# 780i northbridge fan



## goodoneian (Jun 11, 2008)

i recently got an evga 780i mobo, and so far so good. my only concern is the northbridge reaching the 170 degree fahrenheit area. the included fan for it seems to cool it good, but is obnoxiously loud. i've seen on the bios that you can change speed which i've tried, but nothing changes. what i am doing is going to the system monitor, then dynamic fan control to adjust the percentage. am i doing this wrong or is it the motherboard?


----------



## goodoneian (Jun 11, 2008)

also, i am runnning vista 32 for now and speed fan constantly stops responding so i can't use that. plus, i could never get speedfan to work right anyways


----------



## Vipernitrox (Jun 12, 2008)

i would get an aftermarket cooler for it. something like this
maybe attach a low rpm fan to it.
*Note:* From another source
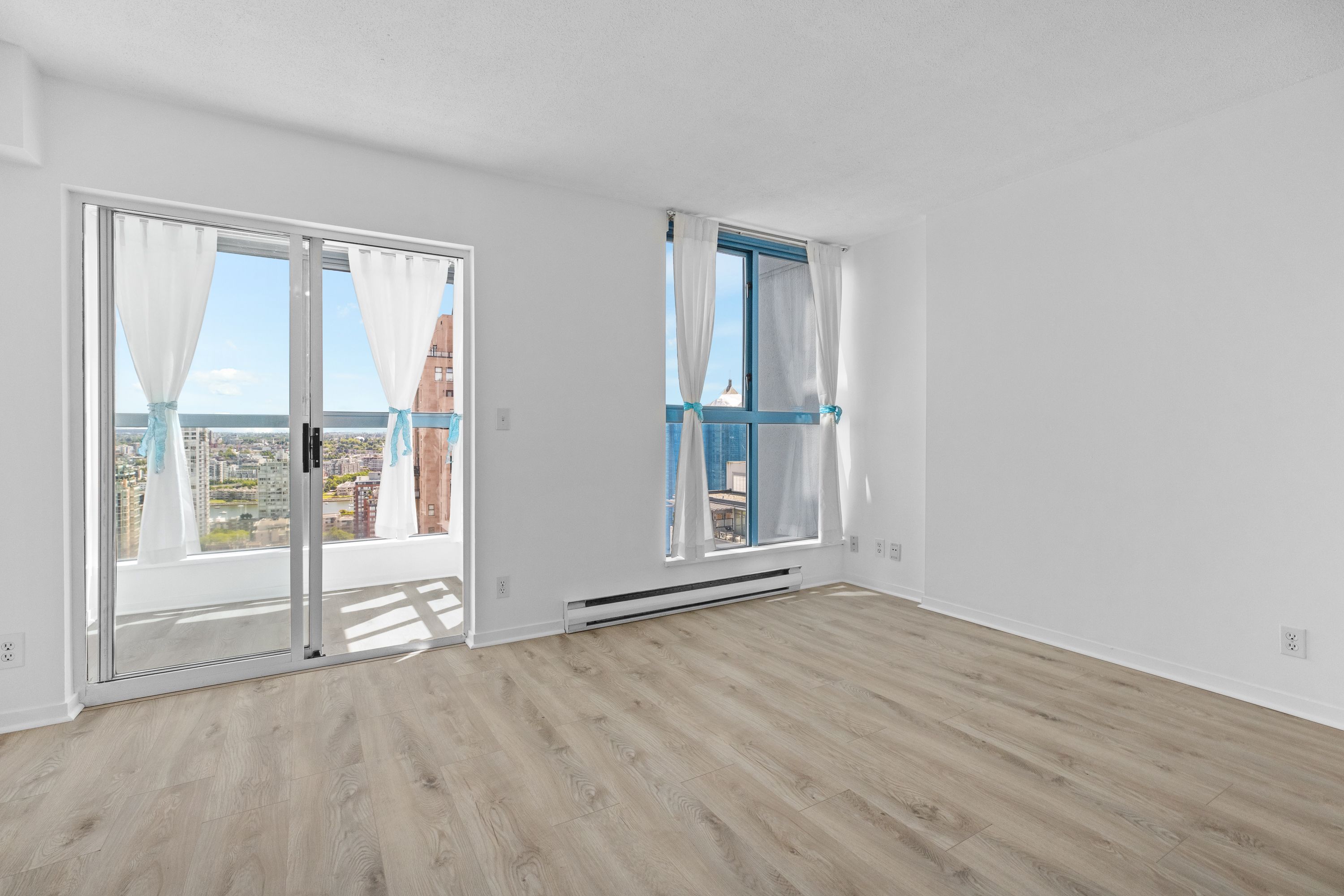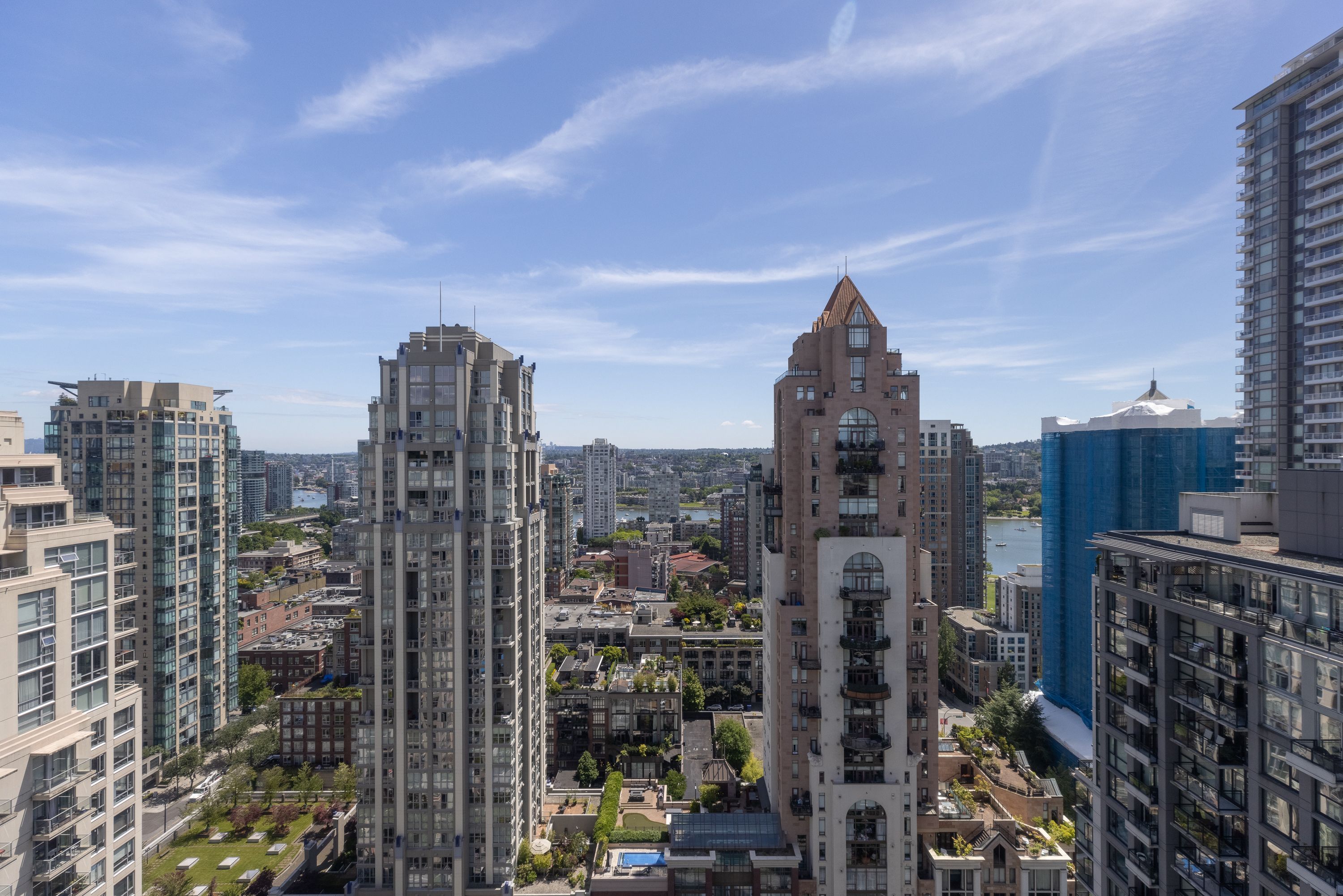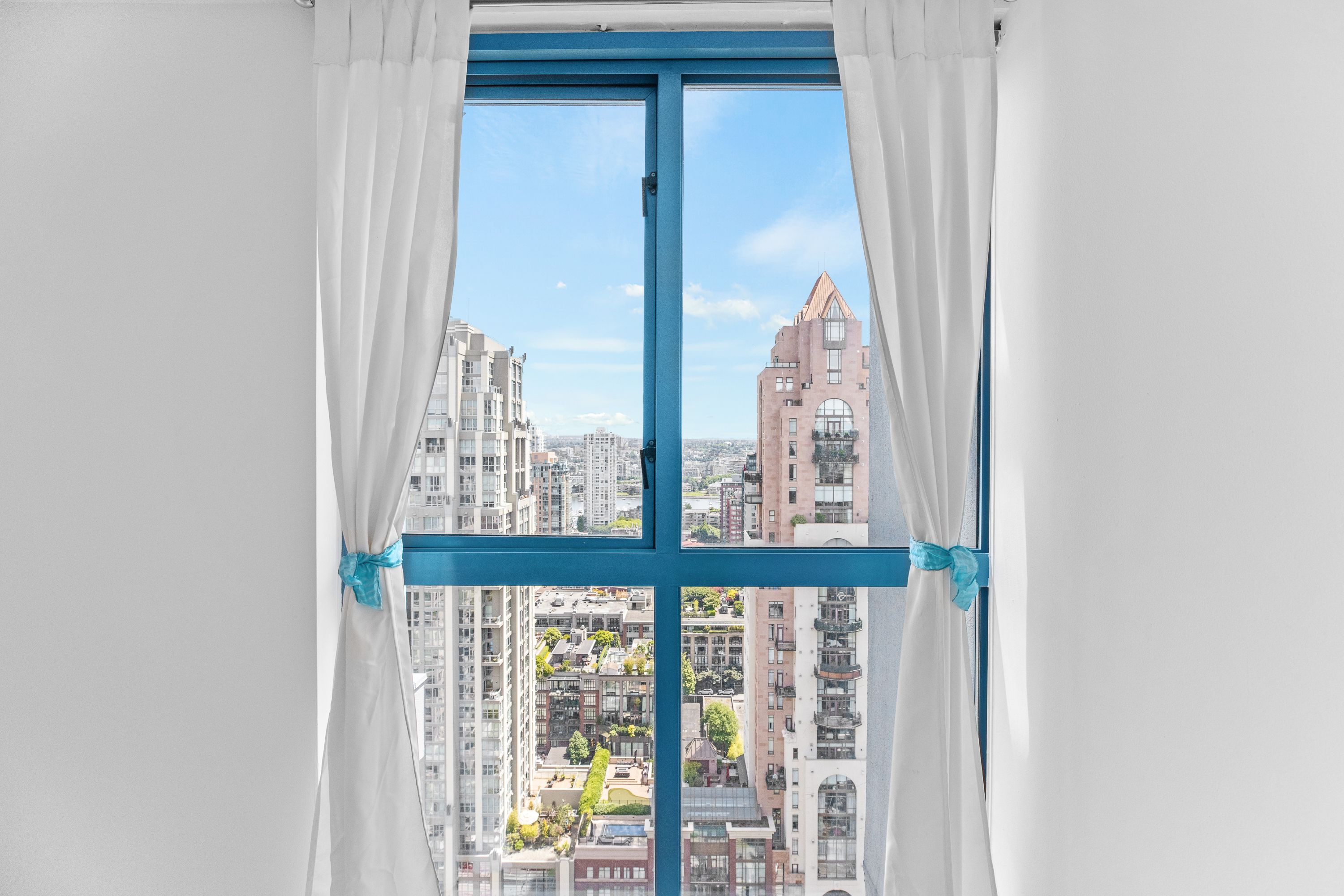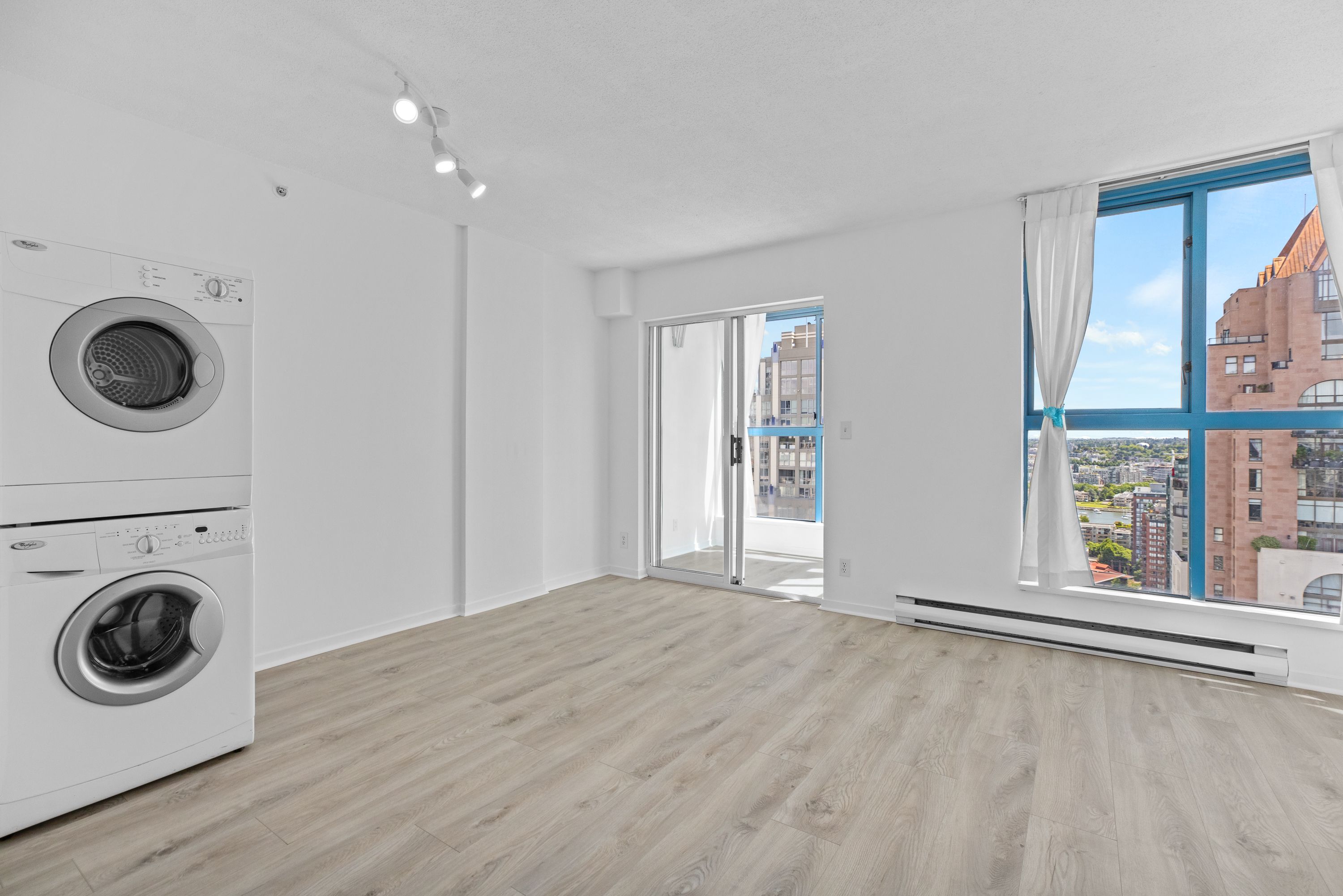 Rarely available studio located in the iconic Space building! Stunning (equivalent to 27th floor) unobstructed panoramic city and ocean views. Turn-key ready for 1st time home buyers and investors wanting easy rental income in a vibrant, trendy neighbourhood. Great room includes plenty of storage with a kitchen complete with fridge, stove and dishwasher. Renovated just a week ago with freshly painted walls and beautiful new flooring. Enjoy summer lifestyle just steps away from the seawall and transit. Wake up feeling rejuvenated in a quiet building with plenty of natural lighting.

But it probably is enough.


----------



## Archangel (Jun 12, 2008)

I'd jerry-rig a normal fan to it to be honest.  (a 40mm or 60mm one)


----------



## goodoneian (Jun 12, 2008)

both seem like pretty good ideas. i think i may have temporarily solved the problem though. i have a fan mate 2 from my old zalman cpu cooler which i attached the northbridge which has seemed to work quite well so far


----------



## Archangel (Jun 12, 2008)

yea, all you need is a bit of air movement over/in that heatsink.   I dont see a problem with a fanmate beeing used there


----------



## The_Other_One (Jun 12, 2008)

Before going too crazy with mods or anything, I'd confirm the temps elsewhere, such as PC Wizard.  Speedfan isn't exactly known for it's reliable temperature readings.  If you're mostly concerned with the temps, you may find Speedfan's misreading something.


----------



## Kornowski (Jun 12, 2008)

I doubt you're able to put another NB on there, the stock one has heatipes coming out of it...


----------



## goodoneian (Jun 13, 2008)

The_Other_One said:


> Before going too crazy with mods or anything, I'd confirm the temps elsewhere, such as PC Wizard.  Speedfan isn't exactly known for it's reliable temperature readings.  If you're mostly concerned with the temps, you may find Speedfan's misreading something.



i'm actually getting the temperature readings for that off of the bios, which is proabably pretty accurate.


----------



## goodoneian (Jun 15, 2008)

even with the fan speed reduced it is still quite noticeable though. will not using the fan at all cause damage to the motherboard/ northbridge?


----------